Deploy your contract to Hedera testnet: 
npx hardhat run scripts/deploy.ts --network hederaTestnet
You should see output similar to: 
Deploying contracts with the account: 0xA98556A4deeB07f21f8a66093989078eF86faa30
Account balance: 67044.71699545 HBAR

--- Deploying HTSTokenManager ---
HTSTokenManager deployed to: 0x525F2a20563A052F7dC65df59106EC82f0584102
View on HashScan: https://hashscan.io/testnet/contract/0x525F2a20563A052F7dC65df59106EC82f0584102

--- Creating HTS Fungible Token ---
Creating token "TestForkToken" (TFT)...
Sending 15 HBAR for token creation...
createFungibleTokenPublic() tx hash: 0xe71eb1253d11120dc9db1c764070fdb13db0b25374c30f2f0bd2792d1eead3fb
HTS Token created at: 0x000000000000000000000000000000000073E8dC
View token on HashScan: https://hashscan.io/testnet/token/0x000000000000000000000000000000000073E8dC

Deployed at block number: 29968809

============================================================
DEPLOYMENT SUMMARY
============================================================
HTSTokenManager Contract: 0x525F2a20563A052F7dC65df59106EC82f0584102
HTS Token Address:         0x000000000000000000000000000000000073E8dC
Block Number:             29968809
============================================================

=== IMPORTANT ===
Update your hardhat.config.ts with:
  blockNumber: 29968809

Update your test file with:
  DEPLOYED_CONTRACT = "0x525F2a20563A052F7dC65df59106EC82f0584102"
  TOKEN_ADDRESS = "0x000000000000000000000000000000000073E8dC"
Save the deployed contract address and block number! You’ll need these for your fork tests. The contract must exist at the block you’re forking from.

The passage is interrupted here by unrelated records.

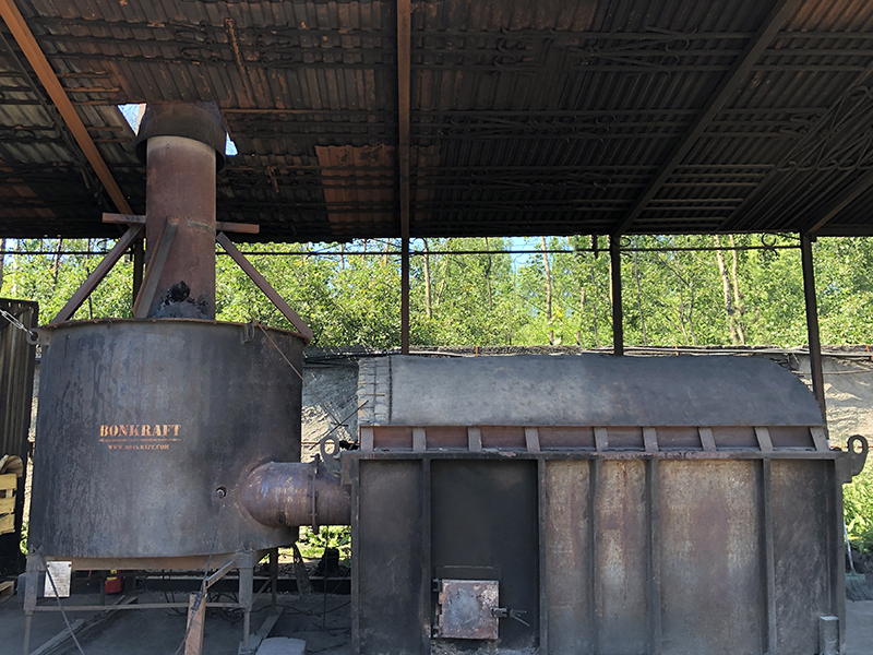 Дымовые газы, образовавшиеся при сжигании отходов, из камеры сжигания поступают в камеру дожигания. Дожигание отходящих газов происходит при температуре 1000-1200°С в камере дожигания в течение не менее 2-х секунд с предварительным прохождением газов через факел горелки с температурой до 1500°С.
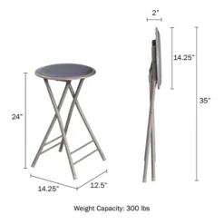 Trademark Home Heavy-Duty 24-Inch Folding Stools With Padded Seats, Gray, Set Of 2
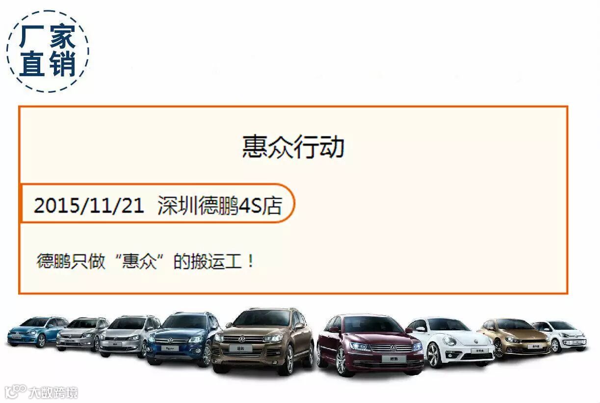 “惠众行动”限时限量直销会是由大众进口汽车厂家全程主办,深圳德鹏协办,将于本月21日在深圳德鹏展厅举行,活动支持、礼品和优惠政策将是全年力度最大的一次,所有的礼品、政策均由大众进口汽车厂家直接提供。这次限时限量直销会是大众进口汽车厂家对区域客户满意度和销量排名前3名经销商的额外厂方奖励支持,深圳德鹏作为全亚洲最大的大众进口汽车经销店,自开业来已经连续2年获得全国最佳新秀经销商称号。非常幸运成为这次活动的协办单位,给德鹏客户到来更多优惠!

Update Hardhat Config with Deployment Block

After deployment, update your hardhat.config.ts with the block number: 
blockNumber: 29966796, // <-- Update this with your deployment block or higher
We have already deployed this HTS contract on testnet at https://hashscan.io/testnet/contract/0xdC6F13e9Bb740593ffacdB7510548FD2E62bc035 so we will be using this for the remainder of this exercise.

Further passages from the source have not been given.